A Note on This Project

This is the beginning of a journey. I built craft-cli to crystallize how I think about building software — the discipline of scoping before designing, designing before coding, challenging before committing, and verifying before claiming "done."

It's opinionated by design. It reflects my workflow, my standards, my beliefs about quality. Some of these opinions will resonate with you; others won't.

This is not a one-size-fits-all tool. It's a starting point.

Fork it. Rip out the skills that don't match your workflow. Add skills for your domain. Change the auto-trigger rules. Rewrite the hooks. Make it yours.

The plugin architecture makes this easy — each skill is a self-contained SKILL.md file. Add a folder, write a prompt, and it's a new skill. The context passing system means your new skills can read and write the same .craft/context/ artifacts.

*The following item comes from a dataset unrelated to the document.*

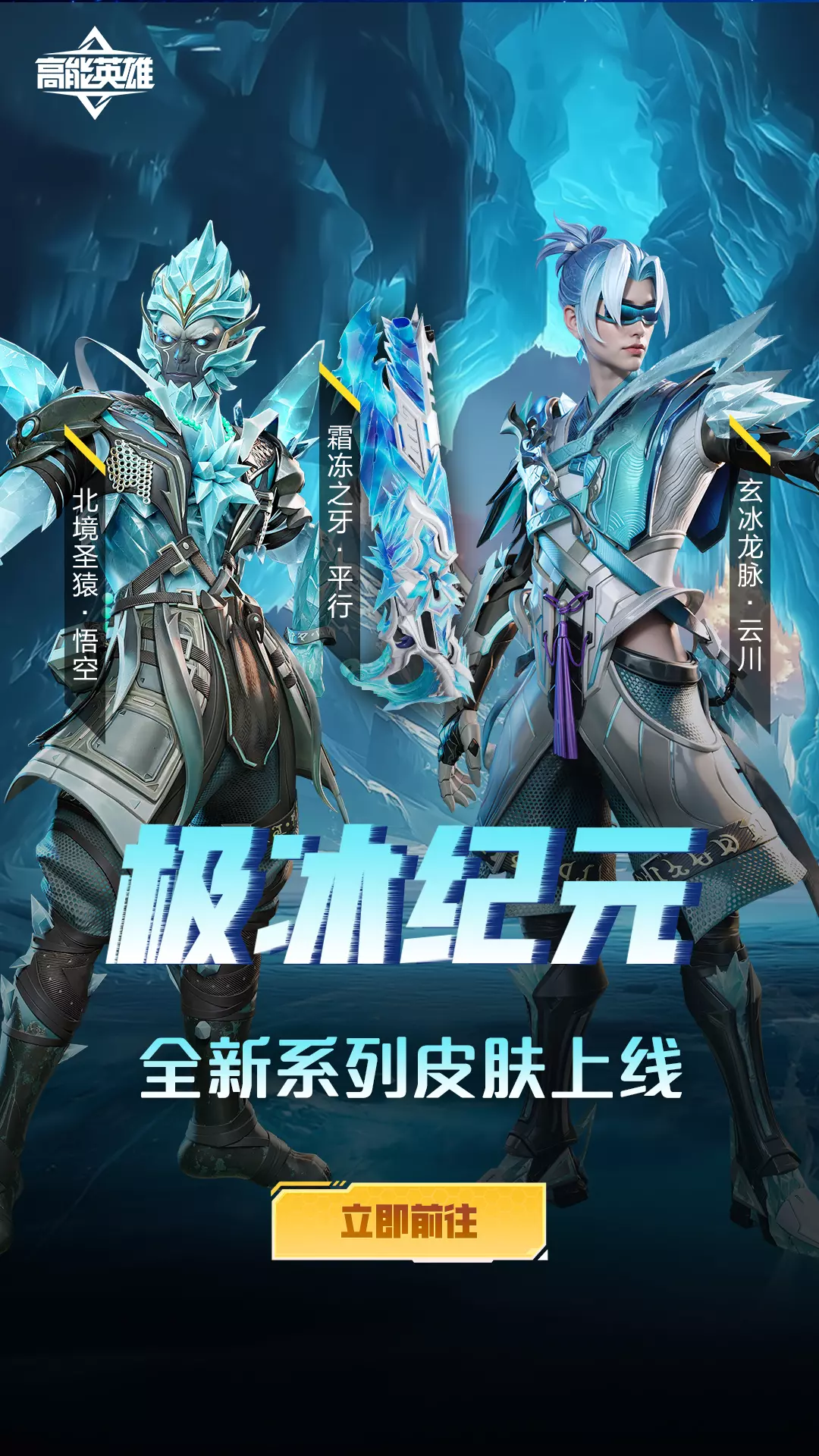 重点道具:悟空传说级皮肤【北境圣猿】、云川传说级皮肤【玄冰龙脉】、平行传说级可升级皮肤【霜冻之牙】、云川处决技【移山填海】、传说级滑翔器【冰犬雪橇】。

If you build something interesting on top of this, I'd love to see it.




Contributing

This is a personal project, but contributions are welcome. If you have ideas for new skills, better prompt engineering, or workflow improvements:

  1. Fork the repository
  2. Create your branch (git checkout -b feature/amazing-skill)
  3. Make your changes
  4. Open a PR

License

MIT — do whatever you want with it.



Quality is the strategy. Momentum is the method. Craft is the practice.